True if the acceleration was extremely fast, but even if the technology existed to do so, the g-forces would kill most life that was aboard. All that energy to get to speed would be immense as well as the energy required to stop.
kevinrtrs
4 / 5 (1) May 17, 2011
Double the force of earth gravity...weighty matters indeed. Strong bones required.....atmosphere could prevent breathing properly without apparatus...
Can't get there in any case...not in one's own lifetime with current tech...
Interesting, nonetheless.
eachus
not rated yet May 18, 2011
True if the acceleration was extremely fast, but even if the technology existed to do so, the g-forces would kill most life that was aboard. All that energy to get to speed would be immense as well as the energy required to stop.

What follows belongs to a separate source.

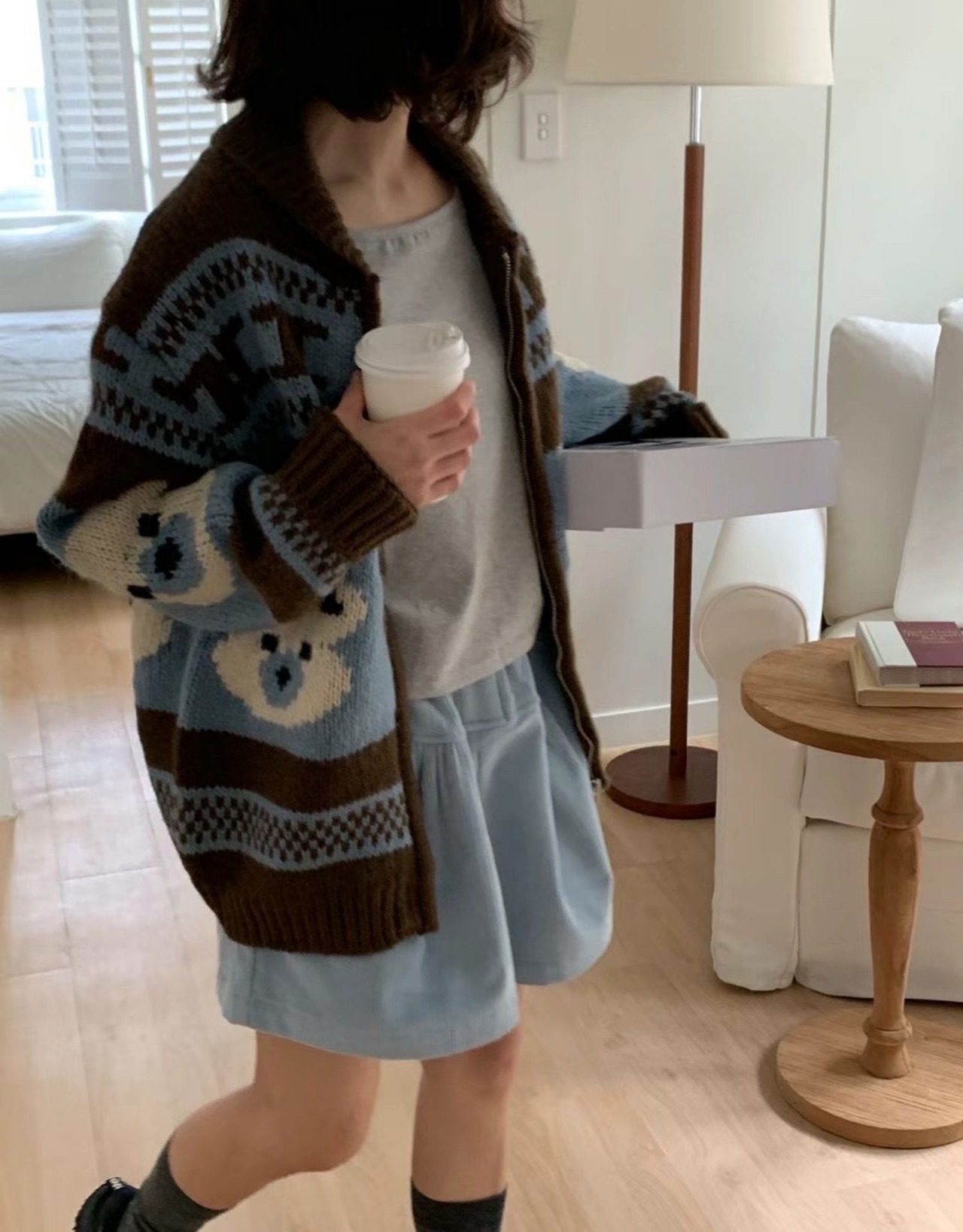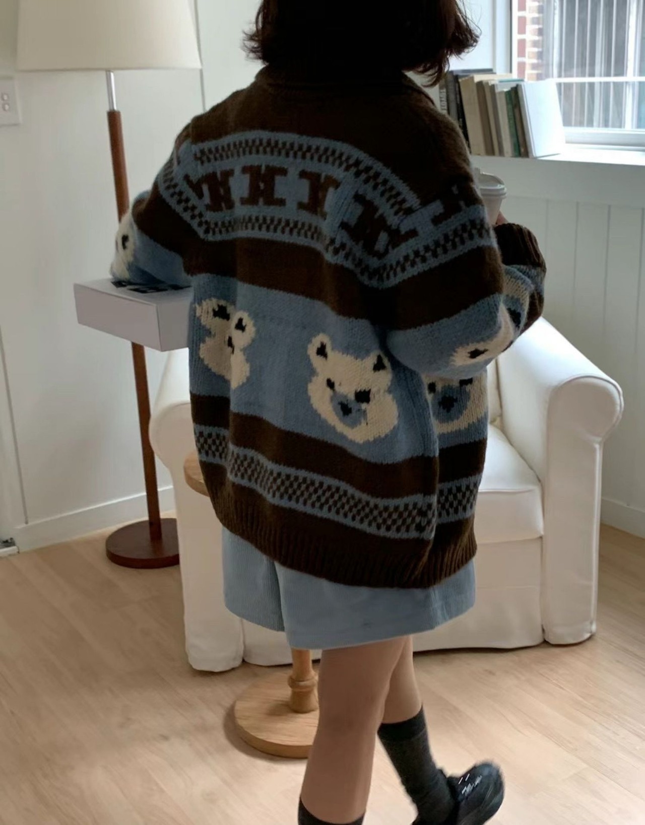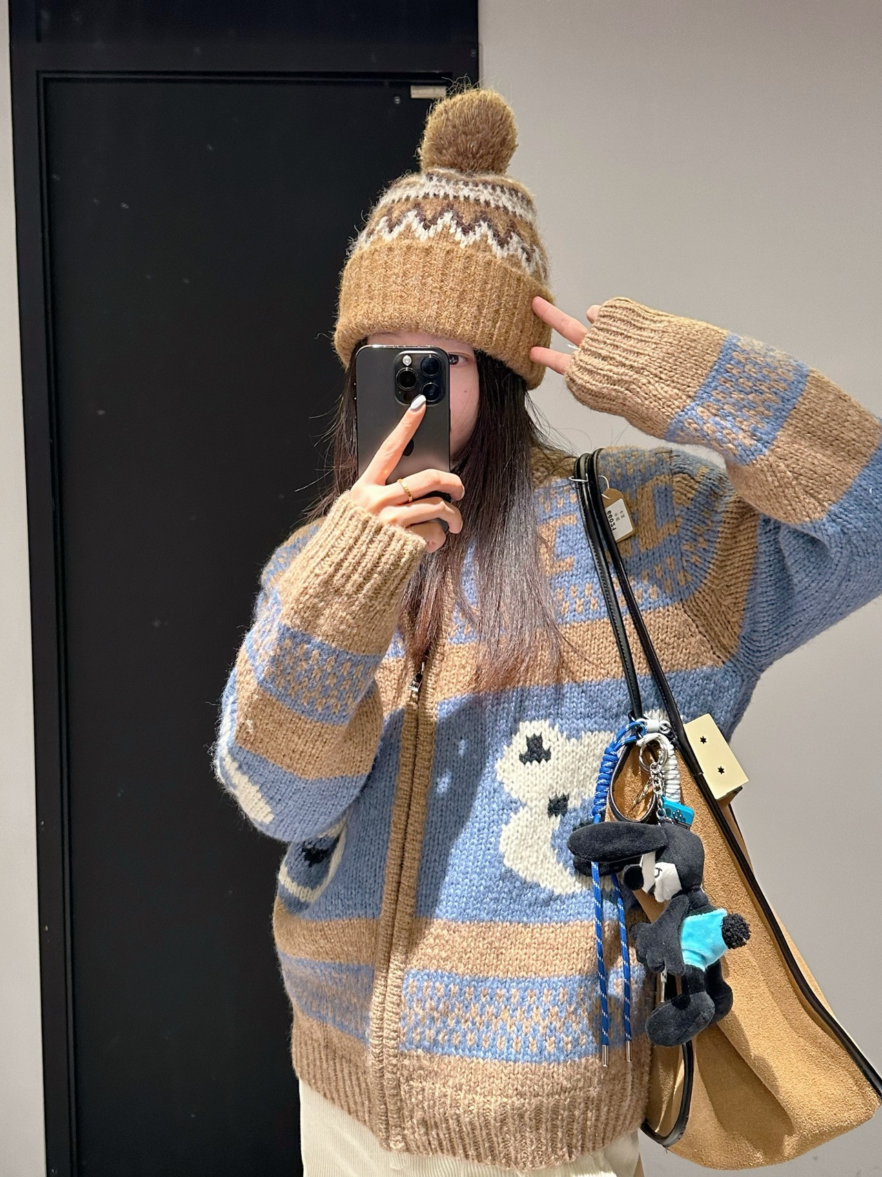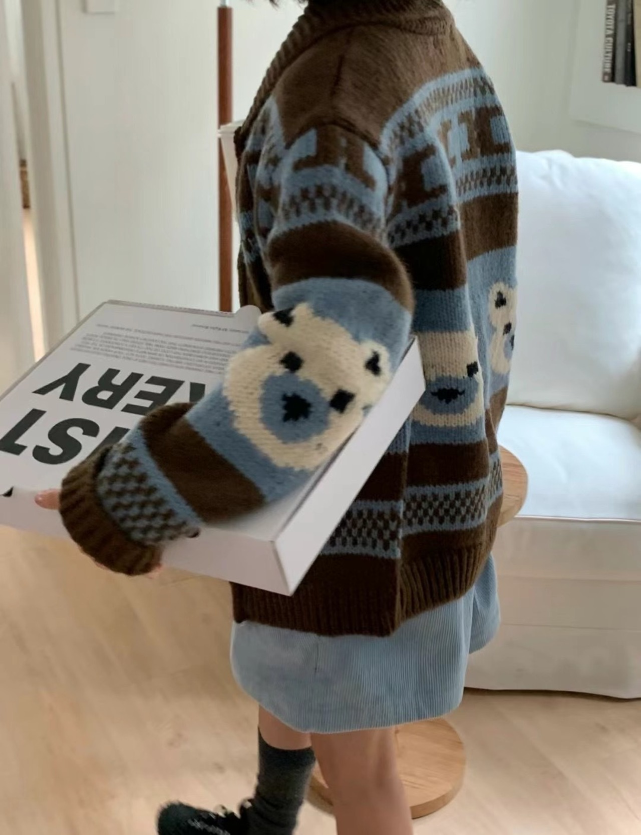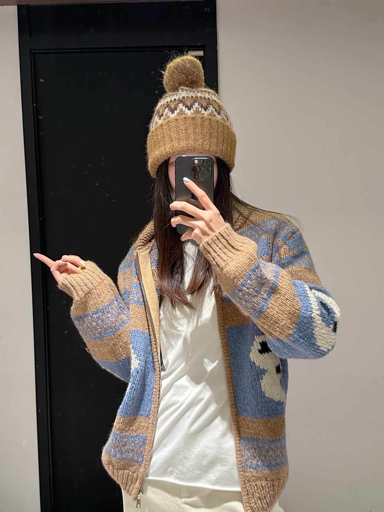 韓国 A some ニット カーディガン レディース ファッション セーター トップス 長袖ニットセーター ブラウン

Run the numbers. An astronaut who accelerates for less than a year at one G in his frame of reference can get anywhere. Presumably, the astronaut will start to decelerate at the halfway point. But still--two years to anywhere if you have the fuel. Twenty years at one-tenth G, and so on.
BillFox
not rated yet May 18, 2011
True if the acceleration was extremely fast, but even if the technology existed to do so, the g-forces would kill most life that was aboard. All that energy to get to speed would be immense as well as the energy required to stop.

Run the numbers. An astronaut who accelerates for less than a year at one G in his frame of reference can get anywhere. Presumably, the astronaut will start to decelerate at the halfway point. But still--two years to anywhere if you have the fuel. Twenty years at one-tenth G, and so on.


That's a good point, I never ran any numbers and just instinctually assumed the energy would be immense and the time dialation would decrease too significantly to make a difference. Its quite a sharp curve regarding time dilation and speed. I only figured e=m^2 is it's stored energy since light speed is assumed.